-- ASSIGNED TASK --
For the data that follows, print the line with "這些竹燈籠的原材料竹子全都來", the line with "신부 심지미 씨는 미국", and all lines between them, exactly as they stand. Omit pictures and add nothing.

-- DATA FOR THIS TASK --
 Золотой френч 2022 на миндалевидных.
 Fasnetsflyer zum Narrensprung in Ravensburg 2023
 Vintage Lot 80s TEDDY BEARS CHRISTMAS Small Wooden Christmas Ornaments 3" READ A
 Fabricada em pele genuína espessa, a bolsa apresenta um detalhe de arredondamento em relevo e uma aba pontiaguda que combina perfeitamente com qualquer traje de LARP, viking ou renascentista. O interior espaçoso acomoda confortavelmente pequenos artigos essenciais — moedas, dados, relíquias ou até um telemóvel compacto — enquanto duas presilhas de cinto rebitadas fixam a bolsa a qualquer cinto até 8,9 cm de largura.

==

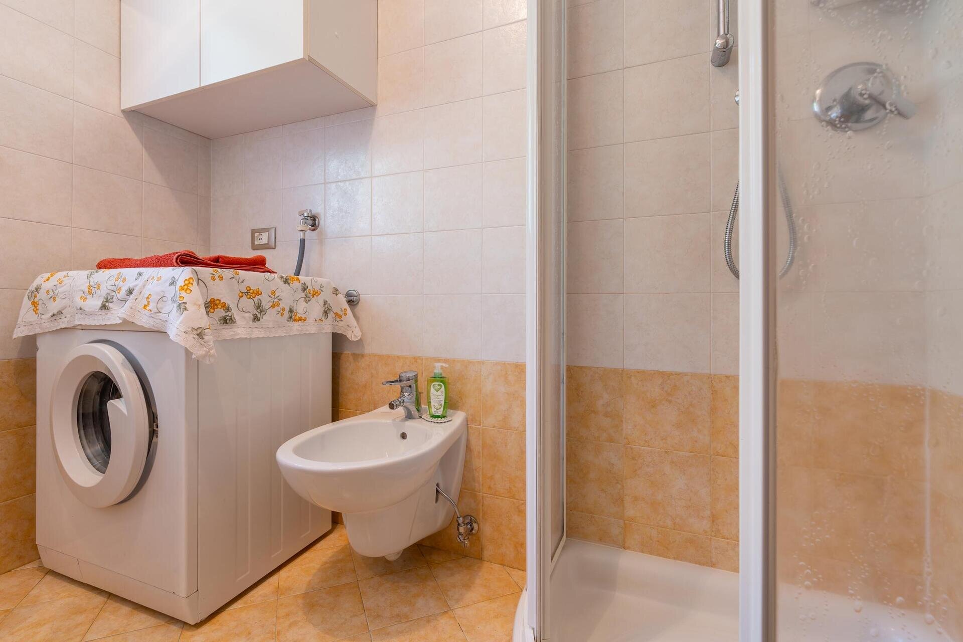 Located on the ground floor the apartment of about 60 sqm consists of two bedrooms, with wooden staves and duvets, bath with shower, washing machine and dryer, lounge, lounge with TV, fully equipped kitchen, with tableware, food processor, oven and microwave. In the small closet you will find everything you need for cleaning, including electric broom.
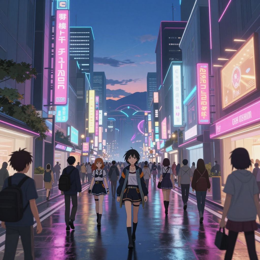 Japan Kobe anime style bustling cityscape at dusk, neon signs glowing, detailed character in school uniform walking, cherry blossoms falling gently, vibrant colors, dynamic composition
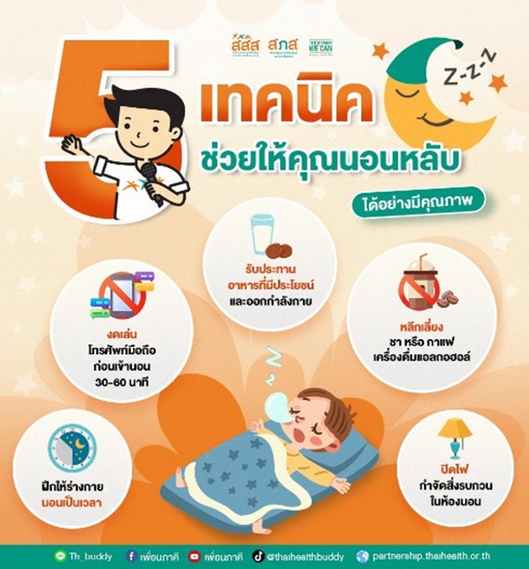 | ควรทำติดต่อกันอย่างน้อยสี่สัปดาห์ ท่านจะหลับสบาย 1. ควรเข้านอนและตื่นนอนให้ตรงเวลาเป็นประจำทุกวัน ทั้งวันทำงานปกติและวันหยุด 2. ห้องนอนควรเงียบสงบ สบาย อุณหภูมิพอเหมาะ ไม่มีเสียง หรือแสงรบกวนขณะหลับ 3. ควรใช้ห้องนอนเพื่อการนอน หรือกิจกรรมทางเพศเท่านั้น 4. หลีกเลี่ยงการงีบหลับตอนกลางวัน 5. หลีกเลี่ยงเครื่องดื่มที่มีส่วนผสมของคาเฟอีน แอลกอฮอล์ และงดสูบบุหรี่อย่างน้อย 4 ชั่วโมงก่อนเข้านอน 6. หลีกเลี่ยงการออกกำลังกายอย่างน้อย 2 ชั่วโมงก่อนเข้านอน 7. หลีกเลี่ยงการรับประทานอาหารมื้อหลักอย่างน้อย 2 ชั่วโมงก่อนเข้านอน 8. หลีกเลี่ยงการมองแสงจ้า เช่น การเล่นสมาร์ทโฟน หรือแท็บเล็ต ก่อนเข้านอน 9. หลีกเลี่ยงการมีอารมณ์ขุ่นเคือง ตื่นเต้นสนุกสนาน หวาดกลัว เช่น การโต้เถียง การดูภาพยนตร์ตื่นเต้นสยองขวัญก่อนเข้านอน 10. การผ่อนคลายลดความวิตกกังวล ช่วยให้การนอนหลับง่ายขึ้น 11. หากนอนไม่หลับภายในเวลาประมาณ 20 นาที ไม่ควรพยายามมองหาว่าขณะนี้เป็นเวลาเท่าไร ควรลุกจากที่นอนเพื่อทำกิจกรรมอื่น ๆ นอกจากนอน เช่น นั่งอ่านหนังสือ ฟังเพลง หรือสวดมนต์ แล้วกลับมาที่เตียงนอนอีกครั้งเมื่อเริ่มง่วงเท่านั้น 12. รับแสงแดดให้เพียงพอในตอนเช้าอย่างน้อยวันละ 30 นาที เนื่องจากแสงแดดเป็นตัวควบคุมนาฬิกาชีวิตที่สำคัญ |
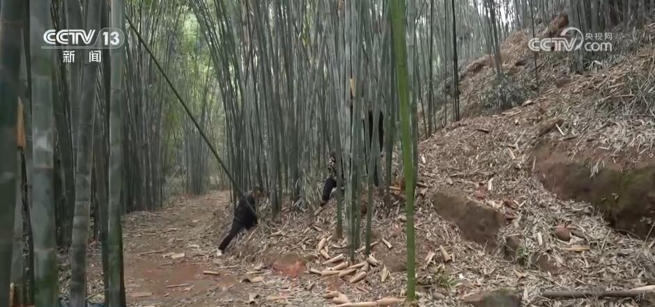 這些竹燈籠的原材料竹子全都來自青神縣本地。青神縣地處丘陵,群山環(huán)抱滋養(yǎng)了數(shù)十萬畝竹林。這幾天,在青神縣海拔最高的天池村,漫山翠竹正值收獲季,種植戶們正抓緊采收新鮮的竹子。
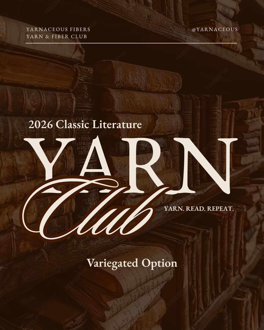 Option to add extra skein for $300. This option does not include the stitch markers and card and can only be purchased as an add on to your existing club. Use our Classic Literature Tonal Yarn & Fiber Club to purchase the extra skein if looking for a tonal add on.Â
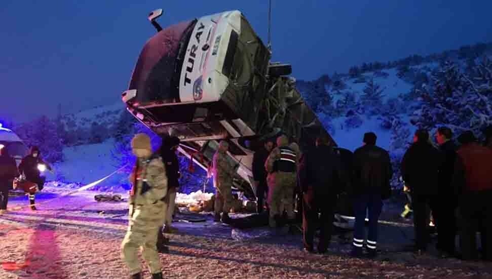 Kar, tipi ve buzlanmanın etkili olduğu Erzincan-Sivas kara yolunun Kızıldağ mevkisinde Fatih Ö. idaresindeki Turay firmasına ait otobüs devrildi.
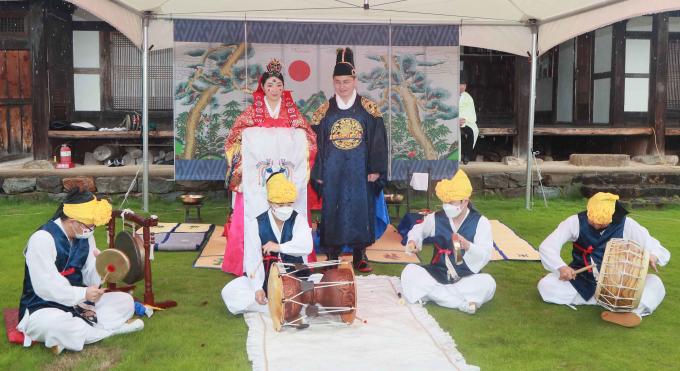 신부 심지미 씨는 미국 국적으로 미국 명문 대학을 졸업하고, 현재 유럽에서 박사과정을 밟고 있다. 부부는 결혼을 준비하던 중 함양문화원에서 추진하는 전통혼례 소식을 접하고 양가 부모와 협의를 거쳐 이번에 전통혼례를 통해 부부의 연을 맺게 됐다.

-- SOLUTION TO THE EXERCISE --
 這些竹燈籠的原材料竹子全都來自青神縣本地。青神縣地處丘陵,群山環(huán)抱滋養(yǎng)了數(shù)十萬畝竹林。這幾天,在青神縣海拔最高的天池村,漫山翠竹正值收獲季,種植戶們正抓緊采收新鮮的竹子。
 Option to add extra skein for $300. This option does not include the stitch markers and card and can only be purchased as an add on to your existing club. Use our Classic Literature Tonal Yarn & Fiber Club to purchase the extra skein if looking for a tonal add on.Â
 Kar, tipi ve buzlanmanın etkili olduğu Erzincan-Sivas kara yolunun Kızıldağ mevkisinde Fatih Ö. idaresindeki Turay firmasına ait otobüs devrildi.
 신부 심지미 씨는 미국 국적으로 미국 명문 대학을 졸업하고, 현재 유럽에서 박사과정을 밟고 있다. 부부는 결혼을 준비하던 중 함양문화원에서 추진하는 전통혼례 소식을 접하고 양가 부모와 협의를 거쳐 이번에 전통혼례를 통해 부부의 연을 맺게 됐다.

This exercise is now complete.